Сын ирландской ведьмы. Рано остался без родителей. Все мои предположения в итоге оказались неверны.

Вскоре мы сообразили, что поездки на дальние расстояния, например, в Кносский дворец, удобнее и приятнее совершать на автомобиле, а мотоцикл оставлять в моем гараже. Несмотря на то, что такое решение напрашивалось само собой, пойти на это Нейлу оказалось нелегко. За руль я его не пускала, так что расстаться на время с мотоциклом для него означало расстаться с независимостью. Я хорошо его понимала, и именно это понимание позволяло мне вдвойне наслаждаться ситуацией. Когда он сидел на пассажирском сиденье, рассеянно поглядывая в окно, и ветер трепал его темные волосы, я чувствовала себя хозяином положения. Ведь если я, боже упаси, не справлюсь с управлением, и машина грохнется вниз с какого-нибудь обрыва или моста, он разобьется вместе со мной. Мне нравилась эта разновидность власти.

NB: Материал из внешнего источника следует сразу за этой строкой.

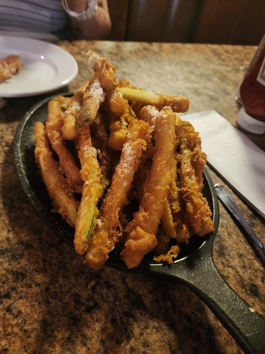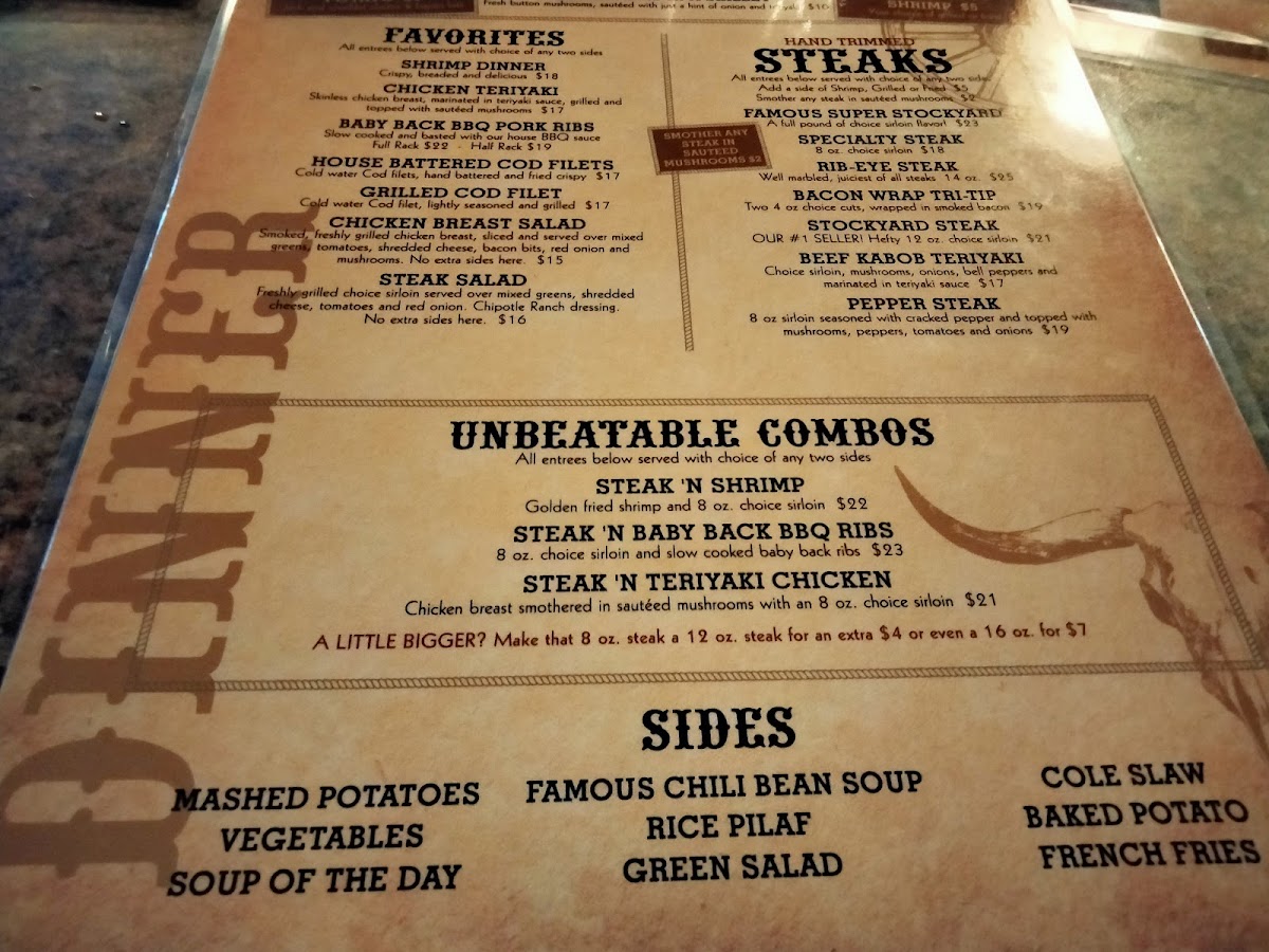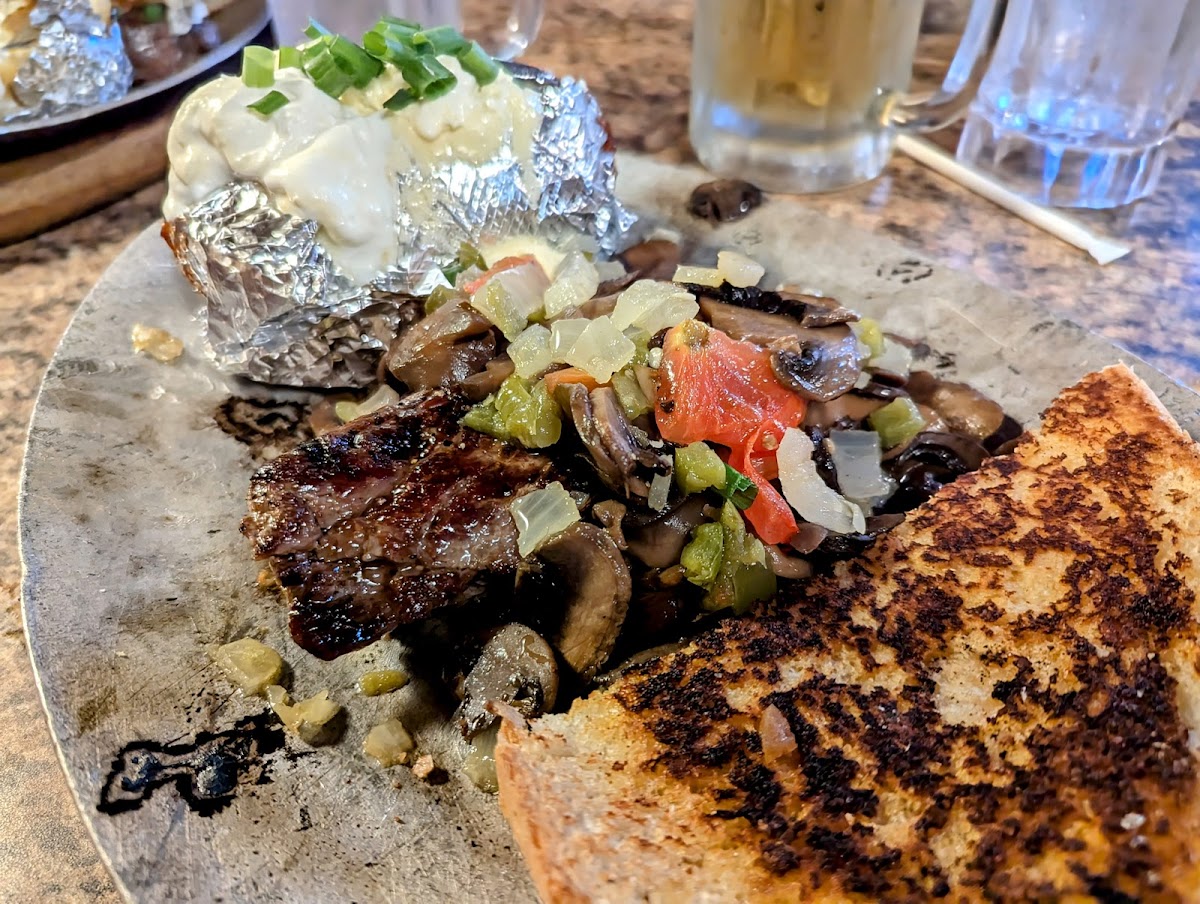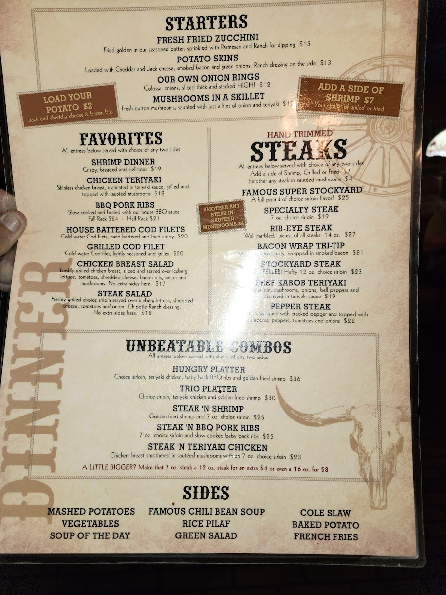 On the menu, you’ll find some mouth-watering starters such as the Fresh Fried Zucchini and Mushrooms in a Skillet, both of which promise delightful bites that ignite your taste buds. As you feast on these starters, the aroma of grilling meats fills the air, building anticipation for the main event — the perfectly seasoned steaks.

К тому же у нас появилась возможность по ходу дела корректировать маршрут, делиться впечатлениями и просто трепаться.


Нейл закатывает свою «ямаху» в гараж и ждет меня на обочине дороги.

Ни разу он не поднялся на террасу, не постоял на краю бассейна, не говоря уж о том, чтобы зайти в дом. Впрочем, я не предлагаю. Что и говорить, мы оба ведем себя очень странно.

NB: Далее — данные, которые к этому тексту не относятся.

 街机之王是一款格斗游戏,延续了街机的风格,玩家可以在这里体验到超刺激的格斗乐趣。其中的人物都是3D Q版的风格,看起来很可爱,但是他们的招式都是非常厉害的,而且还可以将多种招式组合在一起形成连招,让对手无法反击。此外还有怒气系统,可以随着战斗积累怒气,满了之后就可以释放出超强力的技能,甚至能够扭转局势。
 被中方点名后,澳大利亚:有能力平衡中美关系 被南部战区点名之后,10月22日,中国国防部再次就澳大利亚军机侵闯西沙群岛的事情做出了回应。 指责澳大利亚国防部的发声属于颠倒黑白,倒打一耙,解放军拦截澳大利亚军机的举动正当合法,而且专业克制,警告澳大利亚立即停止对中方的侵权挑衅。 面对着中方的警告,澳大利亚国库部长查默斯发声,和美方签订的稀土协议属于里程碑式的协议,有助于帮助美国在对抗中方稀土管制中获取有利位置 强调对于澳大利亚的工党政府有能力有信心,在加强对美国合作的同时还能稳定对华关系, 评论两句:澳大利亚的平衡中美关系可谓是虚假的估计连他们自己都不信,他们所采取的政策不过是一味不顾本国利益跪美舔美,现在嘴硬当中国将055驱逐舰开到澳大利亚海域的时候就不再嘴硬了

– Существуют определенные доказательства, что идея посвящения в мистический культ могла зародиться во Франции или Испании среди людей ориньяка[14] или же проникнуть в Европу из Северной Африки. – Он говорит и непрерывно курит, пуская дым из ноздрей, как дракон. – Между кроманьонцами[15] и древними средиземноморскими расами Крита и Балеарских островов существовали явные религиозные и культурные связи: и здесь, и там обнаружены следы сходных тайных общин.

Он сидит, откинувшись на сиденье, расслабленный и грациозный, как балетный танцор. Что, интересно, нужно сделать, чтобы вывести его из терпения, заставить злиться и психовать? Выставив в окно согнутую руку, в которой дымится сигарета, он продолжает развивать свою мысль, даже не подозревая (или все-таки подозревая?), что его собственная история интересует меня куда больше, чем история всех когда-либо живших на земле ориньякцев и кроманьонцев.

Вместе с небольшой группой туристов и их русскоговорящим гидом мы таскаемся по Кносскому дворцу-музею, хотя на улице тридцать градусов жары, а мой непутевый знаток древностей опять без головного убора.

– Хочешь, чтобы я купила тебе соломенную шляпку с бантиком? – злюсь я, при каждом удобном случае заталкивая его в тень. – Панаму в цветочек? Что, так трудно надеть что-нибудь на голову? Посмотри вокруг: все нормальные люди в кепках или бейсболках. И не вздумай упасть в обморок, я тебя на закорках не потащу. Я тебе не мамочка, так что предупреждаю…

– А кто? – паясничает он, благо у нас есть зрители. – Кто же ты мне, дорогая?

– Засранец, – говорю я по-русски, к восторгу своих соотечественников. – Сукин сын.

– Это я понял, – кивает Нейл и поднимает вверх обе руки в знак безоговорочной капитуляции.

После чего запускает руку в карман и достает жеваную бандану черного цвета с черепушками и скрещенными костями. Повязывает на голову, приосанивается: ну что, крутой я чувак? Я в изнеможении закрываю глаза.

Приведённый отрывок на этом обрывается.